┌─ PROVIDED MATERIAL

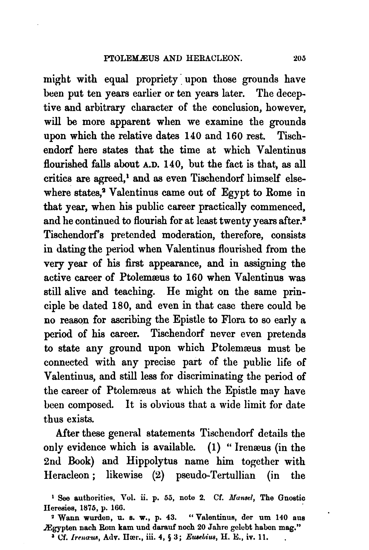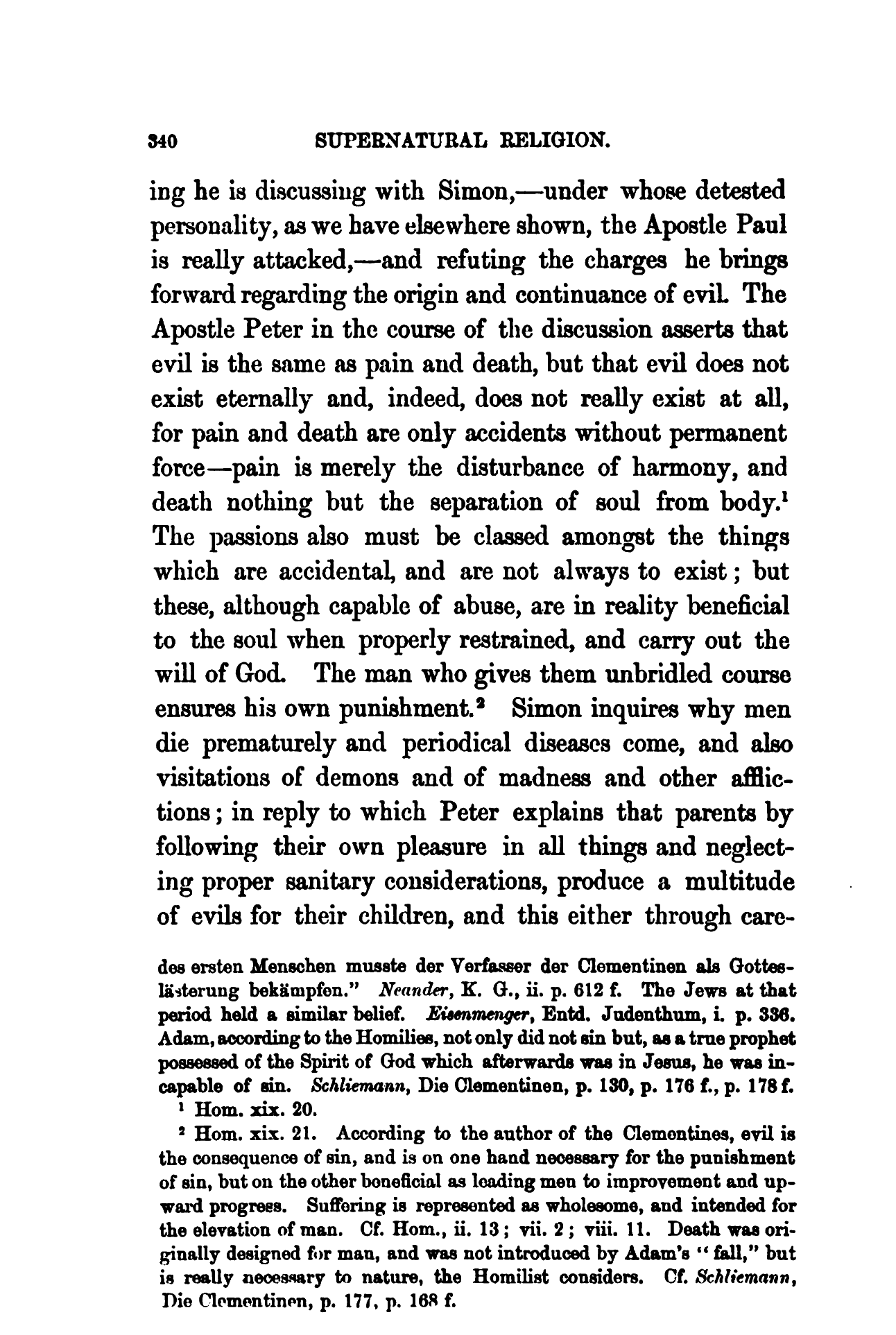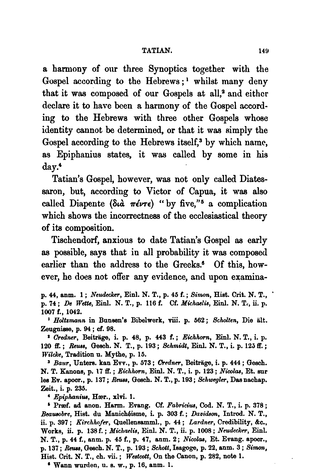 been written by the person whose name it bears. There is in fact nothing but internal evidence by which to fix the date, and that internal evidence is of a character which admits of very wide extension down the course of time, although a sharp limit is set beyond which it cannot mount upwards. Of external evidence there is almost none, and what little exists does not warrant an early date. Origen, it is true, mentions [———],(1) which, it is conjectured, may either be the same work as the [———], or Recognitions, translated by Rufinus, or related to it, and Epiphanius and others refer to [———];(2) but our Clementine Homilies are not mentioned by any writer before pseudo-Athanasius.(3) The work, therefore, can at the best afford no substantial testimony to the antiquity and apostolic origin of our Gospels. Hilgenfeld, following in the steps of Baur, arrives at the conclusion that the Homilies are directed against the Gnosticism of Marcion (and also, as we shall hereafter see, against the Apostle Paul), and he, therefore, necessarily assigns to them a date subsequent to a.d. 160. As Reuss, however, inquires: upon this ground, why should a still later date not be named, since even Tertullian wrote vehemently against the same Gnosis.(4) There can be little doubt that the author was a representative of Ebionitic Gnosticism, which had once been the purest form of primitive Christianity, but later, through its own development, though still more through the rapid growth around it of Paulinian doctrine, had
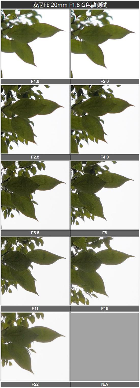 通过测试样张的100%截图后,我们可以看到索尼FE 20mm F1.8 G在控制色散方面的表现非常好,除了在F1.8和F2光圈下有着轻微的色散和紫边发生外,其它光圈下没有非常明显的色散情况和紫边发生。
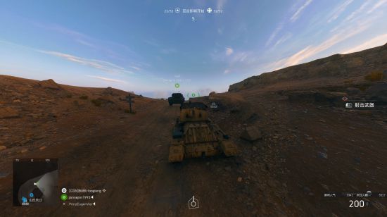 然后让队友进入B点,咱们就可以回去补给,顺便卡一波弹药带够40/40的散弹,然后分秒必争咱们马上去到A点的高地,在靠近地图边缘的一侧,你可以直接开上去,对面的反斜坡有一块石头,可以卡住你如下图,在那个点位对点里面的人开捞,右边铁箱子区域会有大量的敌人,还有靠近弹药箱附近。
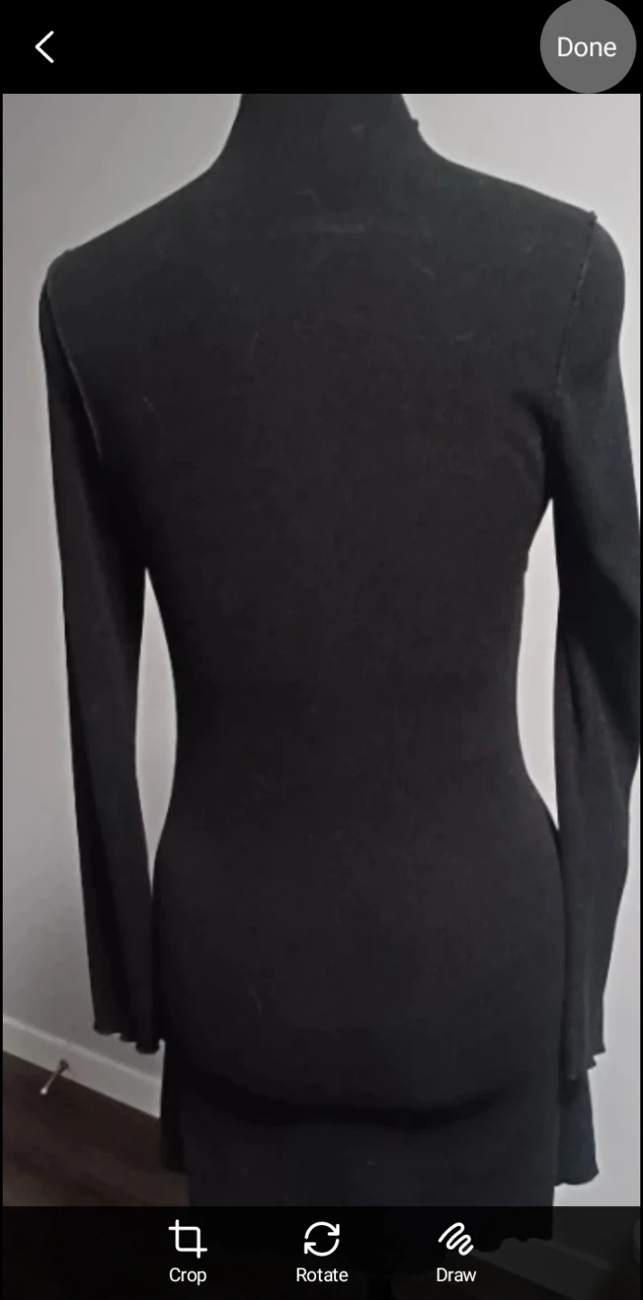 This black top features a ribbed texture and a mock neck design. It has long sleeves with a flattering fitted silhouette. It's made from a comfortable stretch fabric.

└─

## TASK TO COMPLETE
Please reproduce all the material exactly. Pictures stay out of the copy.

## OUTPUT
 been written by the person whose name it bears. There is in fact nothing but internal evidence by which to fix the date, and that internal evidence is of a character which admits of very wide extension down the course of time, although a sharp limit is set beyond which it cannot mount upwards. Of external evidence there is almost none, and what little exists does not warrant an early date. Origen, it is true, mentions [———],(1) which, it is conjectured, may either be the same work as the [———], or Recognitions, translated by Rufinus, or related to it, and Epiphanius and others refer to [———];(2) but our Clementine Homilies are not mentioned by any writer before pseudo-Athanasius.(3) The work, therefore, can at the best afford no substantial testimony to the antiquity and apostolic origin of our Gospels. Hilgenfeld, following in the steps of Baur, arrives at the conclusion that the Homilies are directed against the Gnosticism of Marcion (and also, as we shall hereafter see, against the Apostle Paul), and he, therefore, necessarily assigns to them a date subsequent to a.d. 160. As Reuss, however, inquires: upon this ground, why should a still later date not be named, since even Tertullian wrote vehemently against the same Gnosis.(4) There can be little doubt that the author was a representative of Ebionitic Gnosticism, which had once been the purest form of primitive Christianity, but later, through its own development, though still more through the rapid growth around it of Paulinian doctrine, had
 通过测试样张的100%截图后,我们可以看到索尼FE 20mm F1.8 G在控制色散方面的表现非常好,除了在F1.8和F2光圈下有着轻微的色散和紫边发生外,其它光圈下没有非常明显的色散情况和紫边发生。
 然后让队友进入B点,咱们就可以回去补给,顺便卡一波弹药带够40/40的散弹,然后分秒必争咱们马上去到A点的高地,在靠近地图边缘的一侧,你可以直接开上去,对面的反斜坡有一块石头,可以卡住你如下图,在那个点位对点里面的人开捞,右边铁箱子区域会有大量的敌人,还有靠近弹药箱附近。
 This black top features a ribbed texture and a mock neck design. It has long sleeves with a flattering fitted silhouette. It's made from a comfortable stretch fabric.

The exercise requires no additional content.